Your instructions:
Write out the whole listing exactly; no images belong in it.

Dataset extract:
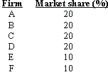 The four-firm concentration ratio for the above industry is:
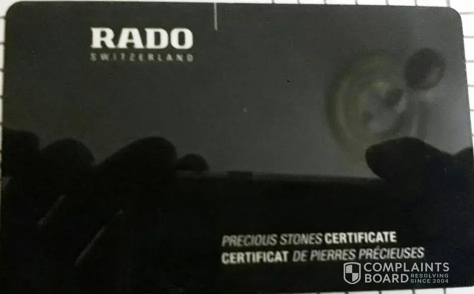 I might loose the trust on RADO. I am very disappointed with the quality of the product and service of your company. I am disappointed with this watch. Please replace the watch and give me a better new one. Please take care of your Customer because they are the only reason of your Goodwill. I hope that this will not happen to any Customer. I'm going to the consumer court for your company.
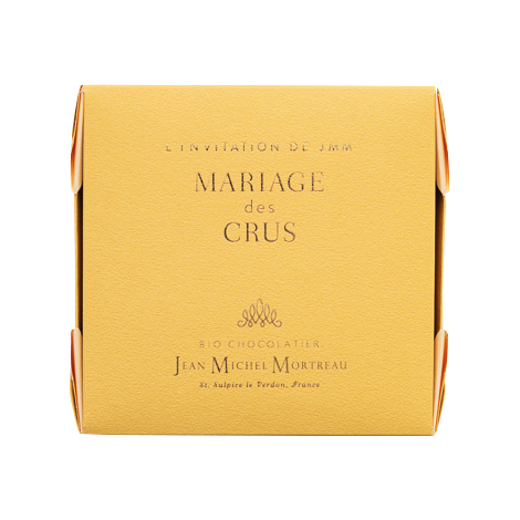 マリアージュとは、2種以上の素材を組み合わせた時に、お互いの味や風味、香りなどに相乗効果がはたらき、最高に相性が良く、美味しい調和を生み出す関係のことです。カカオには、品種や産地によって香りや風味にさまざまな個性があります。「マリアージュ・デ・クル 」アソートは、ドミニカ共和国・ペルー・グレナダ・ブラジルの4カ国のカカオがそれぞれ持つ、酸味や苦みなどの個性を引き出しながら、ガナッシュ・キャラメル・プラリネをベースとしたフィリングとのマリアージュを追求しました。ブランドを代表する希少な一番塩を使用したガナッシュやキャラメル、ロースト加減にもこだわった格調高い香りや濃厚な風味のナッツのプラリネに加え、ドイツ産のバラを贅沢に使用したハートのローズショコラの華やかなアロマも愉しめます。ペルー産カカオには、豊かな香りのベルガモットティーのガナッシュを合わせて、グレナダ・ベルモントエステート産カカオにはキャラメルフランボワーズや瑞々しいマンゴーパッションの味わい、JMMのパートナー農園であるドミニカ共和国・エデン農園のカカオにはヘーゼルナッツプラリネを合わせ、ブラジル産カカオには、好相性のコーヒーのガナッシュを合わせました。各産地のカカオの個性とマリアージュを存分に愉しめる一箱です。

Task output:
 The four-firm concentration ratio for the above industry is:
 I might loose the trust on RADO. I am very disappointed with the quality of the product and service of your company. I am disappointed with this watch. Please replace the watch and give me a better new one. Please take care of your Customer because they are the only reason of your Goodwill. I hope that this will not happen to any Customer. I'm going to the consumer court for your company.
 マリアージュとは、2種以上の素材を組み合わせた時に、お互いの味や風味、香りなどに相乗効果がはたらき、最高に相性が良く、美味しい調和を生み出す関係のことです。カカオには、品種や産地によって香りや風味にさまざまな個性があります。「マリアージュ・デ・クル 」アソートは、ドミニカ共和国・ペルー・グレナダ・ブラジルの4カ国のカカオがそれぞれ持つ、酸味や苦みなどの個性を引き出しながら、ガナッシュ・キャラメル・プラリネをベースとしたフィリングとのマリアージュを追求しました。ブランドを代表する希少な一番塩を使用したガナッシュやキャラメル、ロースト加減にもこだわった格調高い香りや濃厚な風味のナッツのプラリネに加え、ドイツ産のバラを贅沢に使用したハートのローズショコラの華やかなアロマも愉しめます。ペルー産カカオには、豊かな香りのベルガモットティーのガナッシュを合わせて、グレナダ・ベルモントエステート産カカオにはキャラメルフランボワーズや瑞々しいマンゴーパッションの味わい、JMMのパートナー農園であるドミニカ共和国・エデン農園のカカオにはヘーゼルナッツプラリネを合わせ、ブラジル産カカオには、好相性のコーヒーのガナッシュを合わせました。各産地のカカオの個性とマリアージュを存分に愉しめる一箱です。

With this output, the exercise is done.